Anyway, hope this helps. Lemme know if you need anything clarified


----------



## TataSweets44 (Jun 17, 2016)

@bdcharles Hi! Thank you for reading.
Whew! You guys have helped me a lot and now my mind is racing with ideas on how to change it without depleting my vision. I have to admit I have never been the best speller (probably not a good characteristic for a writer lol) so I fully expected that to come up in critiques. 

I've read through my chapter (many times) and completely agree about the "infodumping"

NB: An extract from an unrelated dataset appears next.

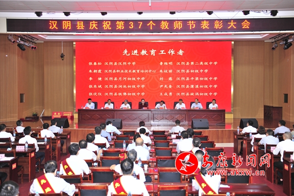 本網訊(通訊員 林愛銘 汪付艷 陳浩 )9月10日,漢陰舉行慶祝第37個教師節暨表彰大會,唱響教育優先發展主旋律,弘揚尊師重教好風氣,激勵全縣廣大教師和教育工作者賡續百年初心、擔當育人使命。

As for the repetitions: Gold is used so much because that's how I see this world. But I'm sure I can find a different way to express this. Free/freedom, yes I see where that becomes repetitive, I'll be searching for synonyms shortly. Lol

(Tacha tossed her silk sheet aside, allowing the movement of the wind to caress her brown skin as it sparkled with honey-coloured droplets from the healing waters of Bandi.)

A bit of your revision here doesn't follow my vision. I'll explain: The healing waters kind of transfer its golden hue onto her skin so her flesh is actually sparkling that color (also the reason for their eyes being partly gold) it's the trait of their people. Should I find a better way to express this also?

(Tacha, the only daughter to Badni's fifth king, but born to an un-wed mother so could never take the throne as her own.)

Some of this particular "infodump" sets up something later in the story. How could I put this in without it seeming like an infodump?


----------



## bdcharles (Jun 17, 2016)

TataSweets44 said:


> @bdcharles Hi! Thank you for reading.
> Whew! You guys have helped me a lot and now my mind is racing with ideas on *how to change it without depleting my vision*. I have to admit I have never been the best speller (probably not a good characteristic for a writer lol) so I fully expected that to come up in critiques.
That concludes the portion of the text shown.